In [19]:
%matplotlib inline
import matplotlib
import numpy as np
from matplotlib import pyplot as plt
from scipy.optimize import leastsq
from scipy.linalg import inv, svd
from scipy.stats import linregress

Multivariate Gaussian distrubution

generate random data


In [2]:
np.random.seed(1) # random seed for consistency
N = 50
cov_eigenvalues = [1, 10]

angle = 10
theta = (angle/180.) * np.pi
rotMatrix = np.array([[np.cos(theta), -np.sin(theta)], 
                      [np.sin(theta),  np.cos(theta)]])

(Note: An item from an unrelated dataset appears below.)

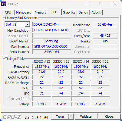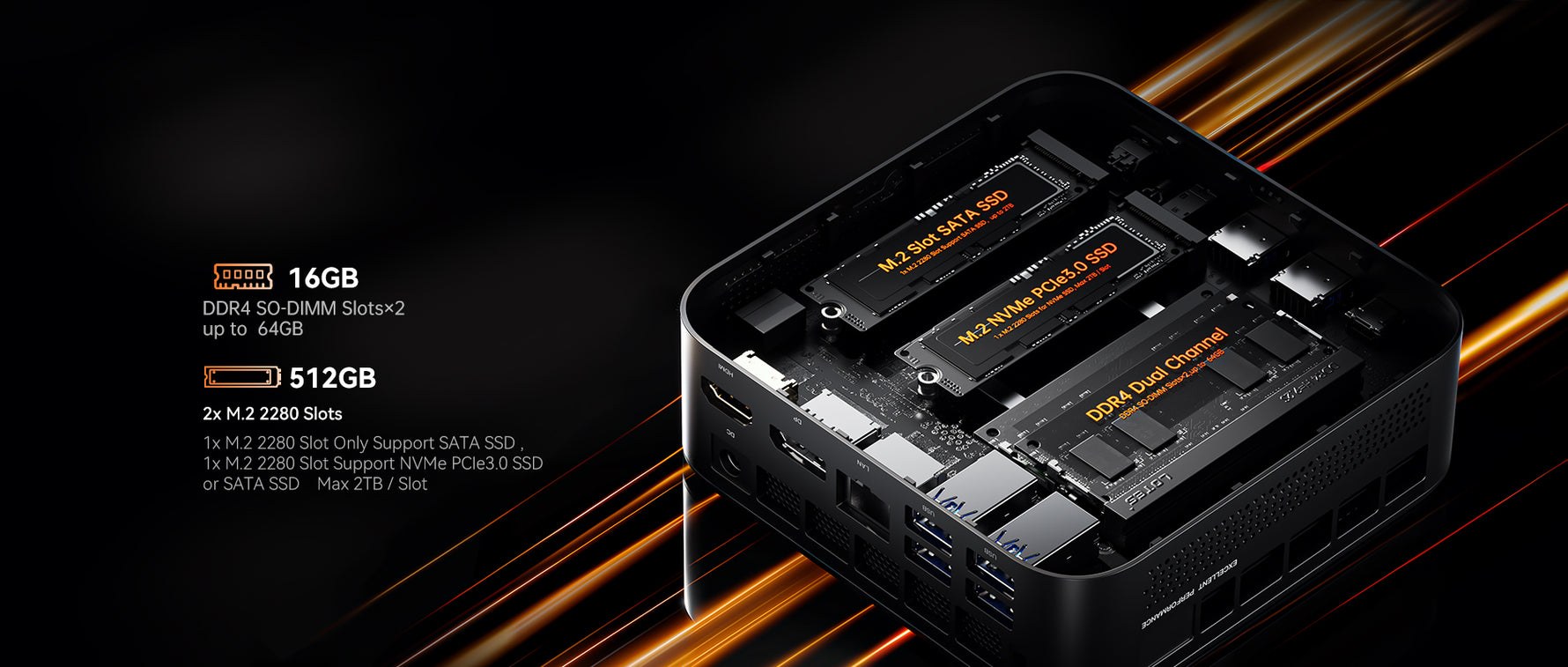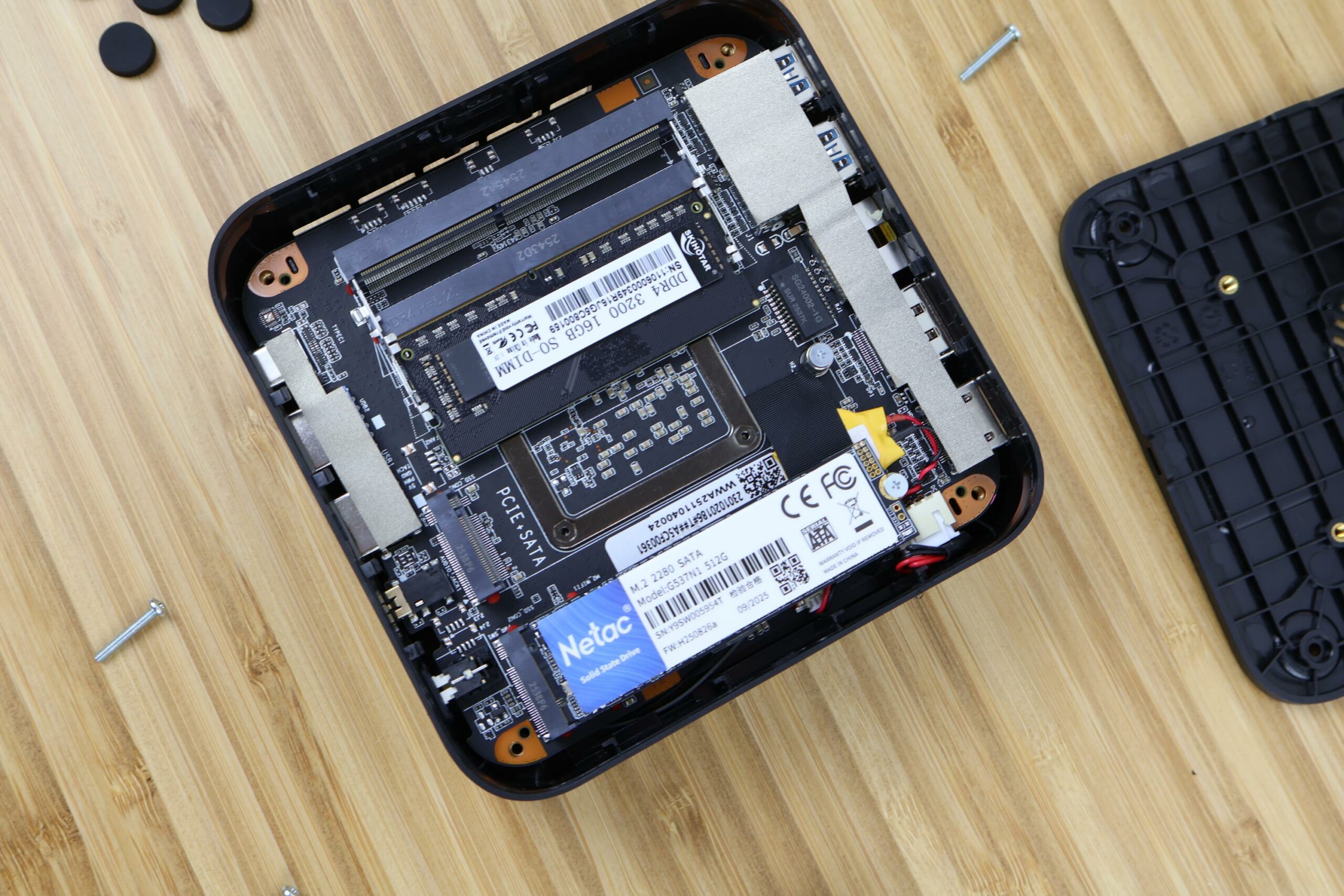 Der NiPoGi E3B ist mit großzügigen 16GB DDR4 RAM mit schnellen 3200MT/s ausgestattet. NiPoGi verbaut hier nur einen einzigen No-Name-Riegel, wodurch die Leistungsfähigkeit des schnellen Ryzen V2748 eingeschränkt wird. Cleverer wären zwei 8GB-Riegel, da AMD-Prozessoren im Dual-Channel-Modus stark davon profitieren. Dank des zweiten freien Slots ist ein Upgrade problemlos möglich. Ihr könnt jedoch auch ohne Upgrade erst einmal arbeiten. Das Aufrüsten ist zu empfehlen, auch wenn die RAM-Preise aktuell hoch sind. Gebraucht bekommt ihr 2x 8GB-Riegel für unter 50€. Maximal sind 64GB (2x32GB) möglich.

cov_mat = np.matrix([[1, 0],[0, 10]]) * rotMatrix
all_samples = np.random.multivariate_normal([15, 10], cov_mat, N)
X = np.matrix(np.hstack([np.ones((N, 1)), all_samples[:, 0:1]]))
y = np.matrix(all_samples[:, 1:2])
print X.shape


(50, 2)

plot data with original cluster colors


In [3]:
fig = plt.figure(figsize=(5,5))
ax = fig.add_subplot(1,1,1)
ax.scatter(X[:,1], y, s=20, alpha=1, linewidth=0)
ax.set_xlim(10, 20)
ax.set_ylim(4, 18)
plt.show()


Performing Ordinary Least Squares


In [4]:
beta = inv(X.T*X) * X.T * y

y_pred = X*beta
fig = plt.figure(figsize=(5,5))
ax = fig.add_subplot(1,1,1)
ax.scatter(X[:,1], y, s=10, alpha=1, linewidth=0)
for i in xrange(X.shape[0]):
    ax.plot([X[i,1], X[i,1]], [y[i,0], y_pred[i,0]], 'r-', alpha=0.3)

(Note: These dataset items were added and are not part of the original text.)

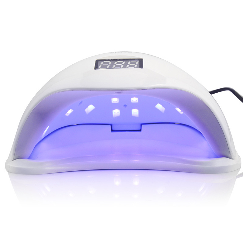 The nail dryer with removable base cures most standard gel polish formulations—including base coats, color gels, and top coats—in approximately 10 seconds. The 48-watt power output and high-quality LED bulbs provide fast, even curing across all five fingers. For thicker applications such as builder gels or very dark pigmented colors, you may want to use the memory timer settings to extend the curing cycle slightly. The lamp's consistent light distribution ensures complete polymerization without tacky layers or uneven spots.
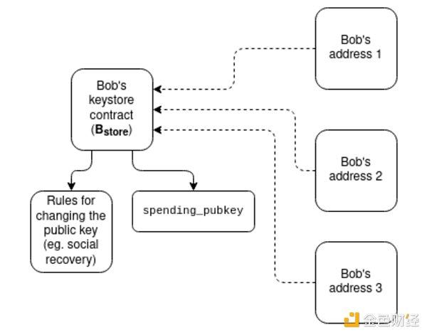 对于这些挑战,Vitalik提出的解决方案是建立在将验证逻辑和资产持有分离的体系结构基础上。通过keystore合约,验证逻辑可以放置在一个位置,与L2上不同地址相对应,从而大大降低了处理多个地址和相关安全风险的复杂性。
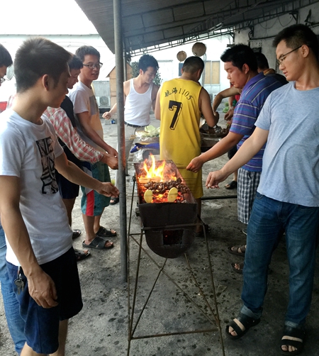 9月12日,在宰杀牛羊分送给巴铁兄弟后,项目青年员工自己动手DIY,一个临时起意的烧烤小party让大家尽情享受了“某氏专业烤串三十年”的乐趣;9月13日-14日,五支队伍组成的“庆古尔邦节迎中秋暨第二届‘行健杯’三人篮球赛”拉开帷幕,两个下午的角逐,激发了各工区、部室团队之间更强的争抢精神;而9月15日,大伙则在加餐、吃月饼之后,齐聚KTV,载歌载舞、游戏娱乐,享受那惊喜的小红包带来的快乐。
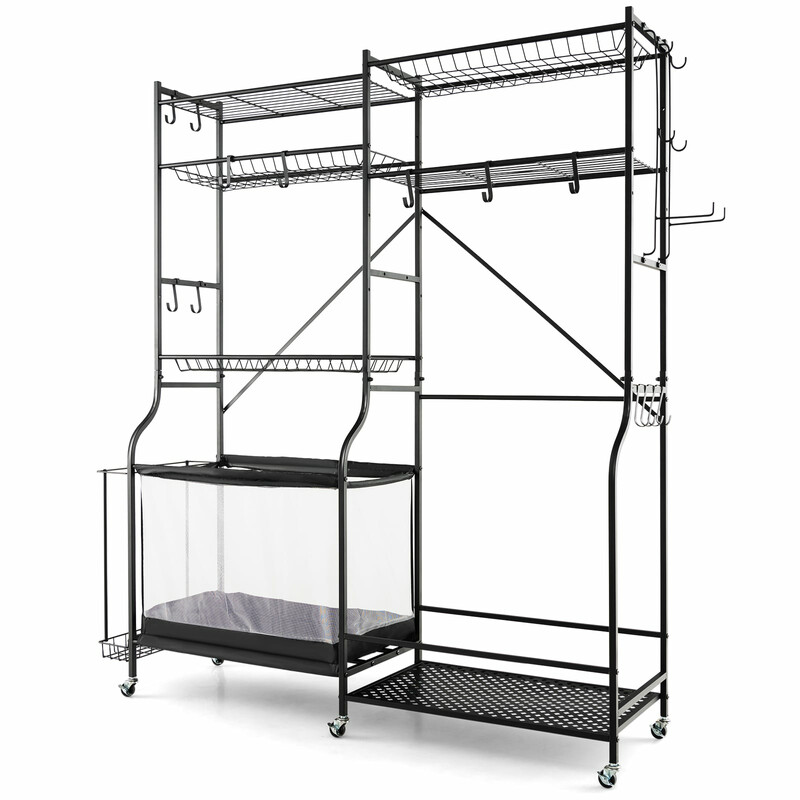 Organiser dine sportsudstyr stilfuldt og praktisk med dette alsidige opbevaringssystem. Den stabile metal konstruktion og smarte design sikrer, at alt udstyr holdes pænt på plads.

X_new = np.matrix([[1, 10], [1, 20]])
y_pred_new = X_new*beta
ax.plot(X_new[:,1], y_pred_new, 'g-')
ax.set_xlim(10, 20)
ax.set_ylim(4, 18)
ax.text(11, 16, 'OLS', fontsize=20)

plt.show()


(50, 2)
(50, 1)
(50, 1)

Performing Total Least Squares


In [5]:
Xy = np.hstack([X, y])
mu_Xy = np.mean(Xy, 0)

Xy_centered = Xy - np.ones((N, 1)) * mu_Xy # subtract the mean from each sample
eig_vec, eig_val, _ = svd(Xy_centered.T)
n = eig_vec[:, 0:1]

project = lambda X : X * (n.T*n) + np.ones((X.shape[0], 1)) * mu_Xy
Xy_projected = project(Xy_centered)

X_new = project(np.matrix([[1, 0, -8], [1, 0, 8]]))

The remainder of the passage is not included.